- ACTIVITY
For this exercise, reproduce the entries below exactly, but only from the line containing "This item is" through the line containing "Zainspirowana stylem Bauhaus: Nowoczesne", both included.

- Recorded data
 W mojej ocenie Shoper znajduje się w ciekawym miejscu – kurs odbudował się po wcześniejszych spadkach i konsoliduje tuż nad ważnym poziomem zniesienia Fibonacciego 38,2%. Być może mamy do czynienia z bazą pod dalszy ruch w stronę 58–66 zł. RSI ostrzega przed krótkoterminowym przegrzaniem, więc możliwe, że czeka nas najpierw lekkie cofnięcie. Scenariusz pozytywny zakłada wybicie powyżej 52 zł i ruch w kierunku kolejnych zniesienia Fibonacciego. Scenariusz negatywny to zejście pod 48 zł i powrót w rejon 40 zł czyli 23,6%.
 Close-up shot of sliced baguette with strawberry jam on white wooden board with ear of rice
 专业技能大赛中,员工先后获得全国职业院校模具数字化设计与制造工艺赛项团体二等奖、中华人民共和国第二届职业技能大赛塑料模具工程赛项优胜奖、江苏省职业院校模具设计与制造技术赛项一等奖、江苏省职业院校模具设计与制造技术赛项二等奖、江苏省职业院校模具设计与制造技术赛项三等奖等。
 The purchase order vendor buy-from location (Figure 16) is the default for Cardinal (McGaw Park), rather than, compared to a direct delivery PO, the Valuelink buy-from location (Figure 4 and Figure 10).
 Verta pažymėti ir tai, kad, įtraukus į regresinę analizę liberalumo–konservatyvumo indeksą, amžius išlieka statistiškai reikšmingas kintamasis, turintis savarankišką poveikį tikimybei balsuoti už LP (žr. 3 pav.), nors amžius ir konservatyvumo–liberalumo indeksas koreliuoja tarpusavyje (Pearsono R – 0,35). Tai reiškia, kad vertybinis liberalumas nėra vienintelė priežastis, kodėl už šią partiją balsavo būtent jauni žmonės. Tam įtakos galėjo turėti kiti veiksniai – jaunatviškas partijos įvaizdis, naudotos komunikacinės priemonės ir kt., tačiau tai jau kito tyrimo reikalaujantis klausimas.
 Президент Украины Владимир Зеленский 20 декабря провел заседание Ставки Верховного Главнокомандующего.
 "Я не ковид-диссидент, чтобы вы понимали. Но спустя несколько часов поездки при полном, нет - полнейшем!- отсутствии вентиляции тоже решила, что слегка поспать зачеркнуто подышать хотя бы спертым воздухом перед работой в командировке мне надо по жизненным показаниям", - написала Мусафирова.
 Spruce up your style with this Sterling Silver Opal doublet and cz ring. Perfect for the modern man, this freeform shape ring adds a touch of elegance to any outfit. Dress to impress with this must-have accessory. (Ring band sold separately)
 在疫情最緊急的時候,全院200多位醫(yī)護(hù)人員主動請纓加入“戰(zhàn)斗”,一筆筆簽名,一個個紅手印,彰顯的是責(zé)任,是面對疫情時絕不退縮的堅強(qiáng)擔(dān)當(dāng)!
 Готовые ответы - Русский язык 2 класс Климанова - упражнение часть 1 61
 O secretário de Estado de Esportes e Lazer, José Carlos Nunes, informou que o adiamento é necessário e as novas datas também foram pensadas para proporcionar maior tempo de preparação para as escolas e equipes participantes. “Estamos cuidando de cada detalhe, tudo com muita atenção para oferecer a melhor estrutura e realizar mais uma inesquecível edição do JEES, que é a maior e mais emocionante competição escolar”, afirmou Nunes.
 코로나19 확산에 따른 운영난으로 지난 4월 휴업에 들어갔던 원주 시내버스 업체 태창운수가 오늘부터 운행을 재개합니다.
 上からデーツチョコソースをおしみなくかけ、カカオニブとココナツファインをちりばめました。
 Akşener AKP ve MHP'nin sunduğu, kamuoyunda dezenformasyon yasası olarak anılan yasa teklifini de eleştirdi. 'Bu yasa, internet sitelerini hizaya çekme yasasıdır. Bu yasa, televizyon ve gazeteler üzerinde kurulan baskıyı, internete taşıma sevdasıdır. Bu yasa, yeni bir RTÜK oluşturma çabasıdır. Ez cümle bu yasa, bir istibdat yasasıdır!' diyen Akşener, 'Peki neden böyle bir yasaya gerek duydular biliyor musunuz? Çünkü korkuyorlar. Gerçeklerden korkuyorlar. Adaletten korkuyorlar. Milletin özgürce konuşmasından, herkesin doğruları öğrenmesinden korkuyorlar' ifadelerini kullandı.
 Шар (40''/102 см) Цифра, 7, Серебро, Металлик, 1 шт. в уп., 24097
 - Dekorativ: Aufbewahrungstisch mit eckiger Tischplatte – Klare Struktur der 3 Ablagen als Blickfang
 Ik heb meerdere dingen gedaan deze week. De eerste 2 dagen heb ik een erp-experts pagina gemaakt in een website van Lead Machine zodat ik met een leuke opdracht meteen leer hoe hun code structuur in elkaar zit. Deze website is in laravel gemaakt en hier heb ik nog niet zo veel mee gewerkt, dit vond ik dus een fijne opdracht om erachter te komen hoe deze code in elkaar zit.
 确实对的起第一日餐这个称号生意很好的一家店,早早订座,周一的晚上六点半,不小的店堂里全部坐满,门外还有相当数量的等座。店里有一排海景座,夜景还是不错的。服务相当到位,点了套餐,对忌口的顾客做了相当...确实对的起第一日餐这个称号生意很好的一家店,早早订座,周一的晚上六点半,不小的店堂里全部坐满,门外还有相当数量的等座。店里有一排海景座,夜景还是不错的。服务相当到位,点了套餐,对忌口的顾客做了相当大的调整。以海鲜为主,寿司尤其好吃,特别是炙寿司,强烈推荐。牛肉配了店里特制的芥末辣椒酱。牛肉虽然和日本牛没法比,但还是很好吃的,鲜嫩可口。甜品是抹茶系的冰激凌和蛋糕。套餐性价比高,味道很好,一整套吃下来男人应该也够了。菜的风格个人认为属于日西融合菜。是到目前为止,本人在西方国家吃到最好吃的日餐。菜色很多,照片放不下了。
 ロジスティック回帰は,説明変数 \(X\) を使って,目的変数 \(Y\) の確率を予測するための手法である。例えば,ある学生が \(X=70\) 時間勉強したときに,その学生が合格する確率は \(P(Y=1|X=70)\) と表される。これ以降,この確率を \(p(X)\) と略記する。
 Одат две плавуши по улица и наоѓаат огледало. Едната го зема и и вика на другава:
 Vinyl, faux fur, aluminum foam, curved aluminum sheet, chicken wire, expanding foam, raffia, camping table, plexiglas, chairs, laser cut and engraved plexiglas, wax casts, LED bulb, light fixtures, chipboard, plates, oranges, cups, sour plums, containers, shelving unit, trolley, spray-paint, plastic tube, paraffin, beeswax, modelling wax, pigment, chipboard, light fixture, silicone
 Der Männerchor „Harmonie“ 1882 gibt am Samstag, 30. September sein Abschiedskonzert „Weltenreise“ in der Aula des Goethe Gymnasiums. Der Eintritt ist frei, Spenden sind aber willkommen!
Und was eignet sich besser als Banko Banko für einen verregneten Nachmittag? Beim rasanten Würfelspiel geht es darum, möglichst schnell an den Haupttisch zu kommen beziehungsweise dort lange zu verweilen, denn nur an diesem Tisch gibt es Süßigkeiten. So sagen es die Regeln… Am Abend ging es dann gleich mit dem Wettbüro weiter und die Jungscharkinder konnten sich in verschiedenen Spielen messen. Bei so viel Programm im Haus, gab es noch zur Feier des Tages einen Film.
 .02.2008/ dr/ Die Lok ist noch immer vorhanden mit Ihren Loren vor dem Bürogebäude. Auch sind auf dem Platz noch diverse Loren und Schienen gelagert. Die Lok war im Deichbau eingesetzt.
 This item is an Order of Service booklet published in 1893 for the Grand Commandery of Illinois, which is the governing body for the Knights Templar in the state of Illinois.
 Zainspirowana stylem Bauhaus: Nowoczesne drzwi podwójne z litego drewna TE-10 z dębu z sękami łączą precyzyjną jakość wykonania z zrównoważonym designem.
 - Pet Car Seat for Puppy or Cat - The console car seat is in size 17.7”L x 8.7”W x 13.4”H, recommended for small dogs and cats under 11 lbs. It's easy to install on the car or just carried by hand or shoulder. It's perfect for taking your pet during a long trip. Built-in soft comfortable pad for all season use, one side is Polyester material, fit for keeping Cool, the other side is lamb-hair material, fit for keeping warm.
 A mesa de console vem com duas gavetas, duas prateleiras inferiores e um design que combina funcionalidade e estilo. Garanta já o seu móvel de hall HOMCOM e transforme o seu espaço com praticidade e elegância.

- EXERCISE SOLUTION
 This item is an Order of Service booklet published in 1893 for the Grand Commandery of Illinois, which is the governing body for the Knights Templar in the state of Illinois.
 Zainspirowana stylem Bauhaus: Nowoczesne drzwi podwójne z litego drewna TE-10 z dębu z sękami łączą precyzyjną jakość wykonania z zrównoważonym designem.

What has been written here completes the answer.